= Brunkild =

Human settlement in Manitoba, Canada

Brunkild is an unincorporated community located in the Rural Municipality of Macdonald in south-central Manitoba. It is approximately 48 km southwest of Winnipeg on Highway 3. Provincial Roads 305 and 332 also travel through the community, as well as the Central Manitoba Railway. A post office was established in Brunkild in 1903, the same year construction began on a railway from Winnipeg to the community.

== History ==

The original survey of Township number 7 in Range 2 West in the province of Manitoba was conducted by J. Doupe in 1871 and completed by J.A. Snow in 1872, who stated that the area contained level prairie with many marshes. The survey of Township number 7 Range 1 West took slightly longer. It commenced in 1871 with surveyors M. Hart, J. Doupe, and J.A. Snow in 1872 and completed in 1886 by R.C. McPhillips. These men recorded the area as being open prairie with occasional low spots.

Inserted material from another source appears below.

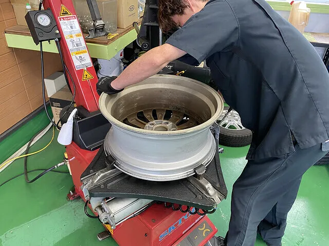 古いタイヤを取り外し、ホイールの状態を確認。ひび割れや曲がりなどがないかをチェックします。

In John Snow's own word written in December 1872 to the Honourable J.C. Aikins, Secretary of State for Canada:
"I have the honour to report the completion of the Survey of Township No. 7 in Range 2 West of the Province of Manitoba in accordance with my contract. About two-thirds of this township is occupied by the great hay marsh, over which the waters of Riviere-aux Glets de Boin must pass in spring to reach the Scratching River which may be said to have risen in this township. I saw but few spots which were not solid prairie soil and experienced no difficulty in driving oxen with heavy loads in every direction over the marsh. It provides a fine clean growth of grass from two to five feet in height at full growth and the surface is so smooth that a mowing machine can work well upon it. The richness of no better soil can be imagined If a channel was cut for the water of the Riviere-aux Glets de Boin where it enters the marsh to the Scratching River, these lands would be sufficiently dry for all purposes. In the south-west angle of this township, there is one block about eight square miles of beautiful high rolling prairie with an excellent sandy loam soil. This township is entirely destitute of wood."